§ WORK REQUIRED:
From the first line to the last, output the data exactly as it stands, minus its pictures.

§ MATERIALS PROVIDED:

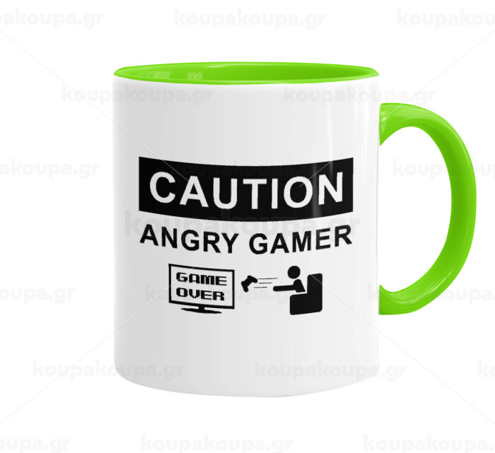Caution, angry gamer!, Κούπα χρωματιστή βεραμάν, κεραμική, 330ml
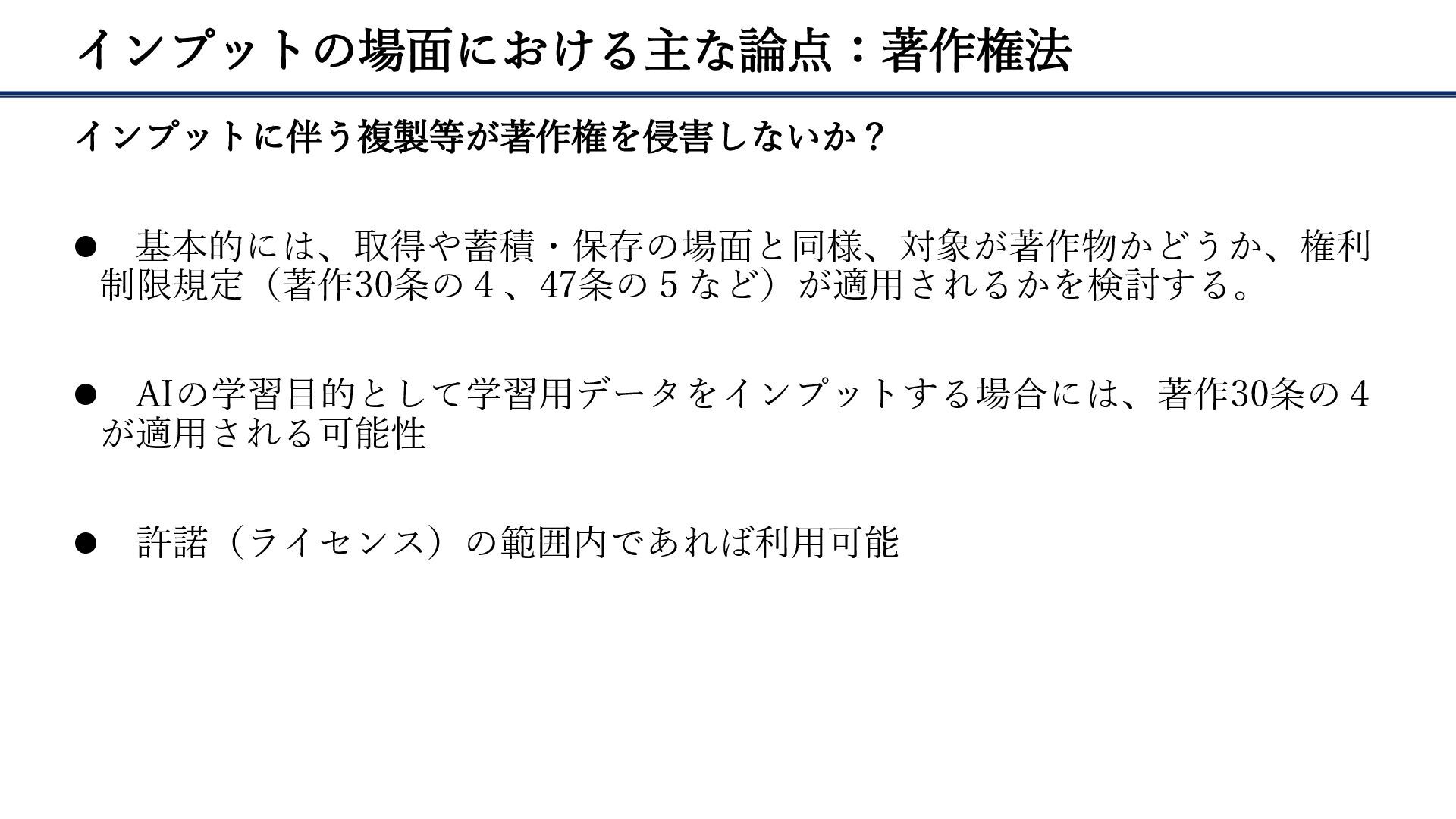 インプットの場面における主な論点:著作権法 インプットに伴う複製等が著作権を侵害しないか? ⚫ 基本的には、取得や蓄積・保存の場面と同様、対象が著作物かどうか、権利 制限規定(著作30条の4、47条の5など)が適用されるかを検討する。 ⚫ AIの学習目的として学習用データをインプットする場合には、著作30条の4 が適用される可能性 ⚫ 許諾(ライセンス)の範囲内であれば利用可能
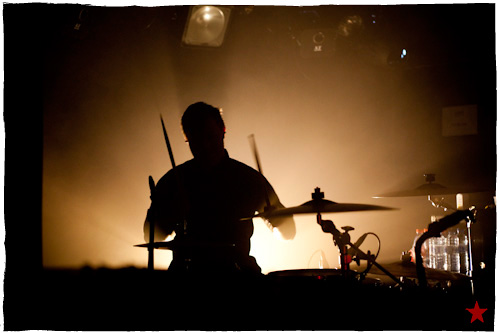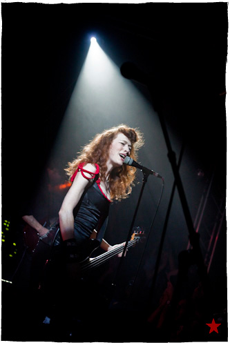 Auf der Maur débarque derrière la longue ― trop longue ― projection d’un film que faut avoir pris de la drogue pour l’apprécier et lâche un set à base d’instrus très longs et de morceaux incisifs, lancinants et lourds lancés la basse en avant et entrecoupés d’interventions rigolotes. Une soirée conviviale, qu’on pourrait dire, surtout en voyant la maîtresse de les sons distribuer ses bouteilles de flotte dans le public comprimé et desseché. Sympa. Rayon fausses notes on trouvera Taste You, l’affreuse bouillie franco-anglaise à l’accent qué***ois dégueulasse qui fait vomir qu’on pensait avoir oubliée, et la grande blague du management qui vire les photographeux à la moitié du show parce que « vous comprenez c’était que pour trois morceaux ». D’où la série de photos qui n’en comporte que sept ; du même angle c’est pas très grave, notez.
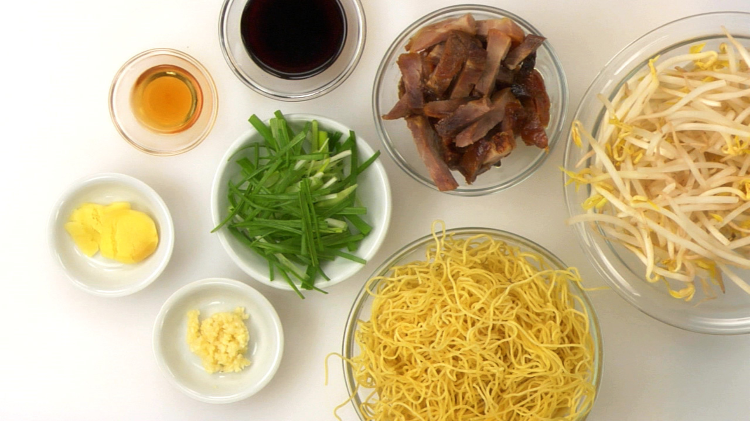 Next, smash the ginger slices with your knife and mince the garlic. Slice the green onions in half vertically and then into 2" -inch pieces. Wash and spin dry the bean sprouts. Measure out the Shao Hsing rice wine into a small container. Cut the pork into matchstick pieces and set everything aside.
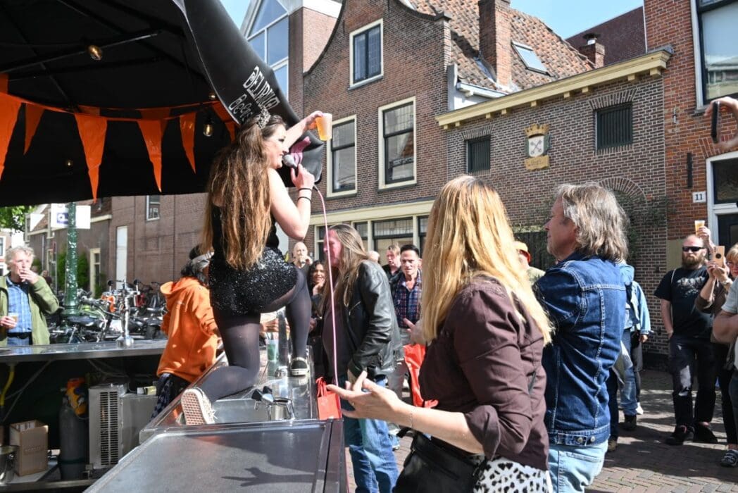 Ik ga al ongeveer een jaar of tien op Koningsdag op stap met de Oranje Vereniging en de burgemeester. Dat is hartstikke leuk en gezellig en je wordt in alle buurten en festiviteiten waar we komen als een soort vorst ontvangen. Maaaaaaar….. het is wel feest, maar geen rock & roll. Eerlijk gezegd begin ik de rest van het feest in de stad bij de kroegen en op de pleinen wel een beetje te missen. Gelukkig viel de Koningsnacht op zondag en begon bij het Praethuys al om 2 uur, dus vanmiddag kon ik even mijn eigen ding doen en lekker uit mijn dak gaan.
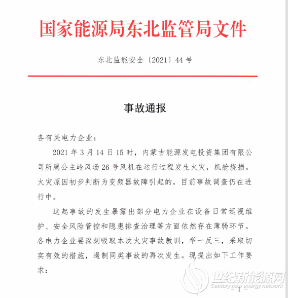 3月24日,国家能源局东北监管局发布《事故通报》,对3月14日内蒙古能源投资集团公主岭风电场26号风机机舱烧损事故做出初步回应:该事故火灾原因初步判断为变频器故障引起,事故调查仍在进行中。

§ RESULT:
Caution, angry gamer!, Κούπα χρωματιστή βεραμάν, κεραμική, 330ml
 インプットの場面における主な論点:著作権法 インプットに伴う複製等が著作権を侵害しないか? ⚫ 基本的には、取得や蓄積・保存の場面と同様、対象が著作物かどうか、権利 制限規定(著作30条の4、47条の5など)が適用されるかを検討する。 ⚫ AIの学習目的として学習用データをインプットする場合には、著作30条の4 が適用される可能性 ⚫ 許諾(ライセンス)の範囲内であれば利用可能
 Auf der Maur débarque derrière la longue ― trop longue ― projection d’un film que faut avoir pris de la drogue pour l’apprécier et lâche un set à base d’instrus très longs et de morceaux incisifs, lancinants et lourds lancés la basse en avant et entrecoupés d’interventions rigolotes. Une soirée conviviale, qu’on pourrait dire, surtout en voyant la maîtresse de les sons distribuer ses bouteilles de flotte dans le public comprimé et desseché. Sympa. Rayon fausses notes on trouvera Taste You, l’affreuse bouillie franco-anglaise à l’accent qué***ois dégueulasse qui fait vomir qu’on pensait avoir oubliée, et la grande blague du management qui vire les photographeux à la moitié du show parce que « vous comprenez c’était que pour trois morceaux ». D’où la série de photos qui n’en comporte que sept ; du même angle c’est pas très grave, notez.
 Next, smash the ginger slices with your knife and mince the garlic. Slice the green onions in half vertically and then into 2" -inch pieces. Wash and spin dry the bean sprouts. Measure out the Shao Hsing rice wine into a small container. Cut the pork into matchstick pieces and set everything aside.
 Ik ga al ongeveer een jaar of tien op Koningsdag op stap met de Oranje Vereniging en de burgemeester. Dat is hartstikke leuk en gezellig en je wordt in alle buurten en festiviteiten waar we komen als een soort vorst ontvangen. Maaaaaaar….. het is wel feest, maar geen rock & roll. Eerlijk gezegd begin ik de rest van het feest in de stad bij de kroegen en op de pleinen wel een beetje te missen. Gelukkig viel de Koningsnacht op zondag en begon bij het Praethuys al om 2 uur, dus vanmiddag kon ik even mijn eigen ding doen en lekker uit mijn dak gaan.
 3月24日,国家能源局东北监管局发布《事故通报》,对3月14日内蒙古能源投资集团公主岭风电场26号风机机舱烧损事故做出初步回应:该事故火灾原因初步判断为变频器故障引起,事故调查仍在进行中。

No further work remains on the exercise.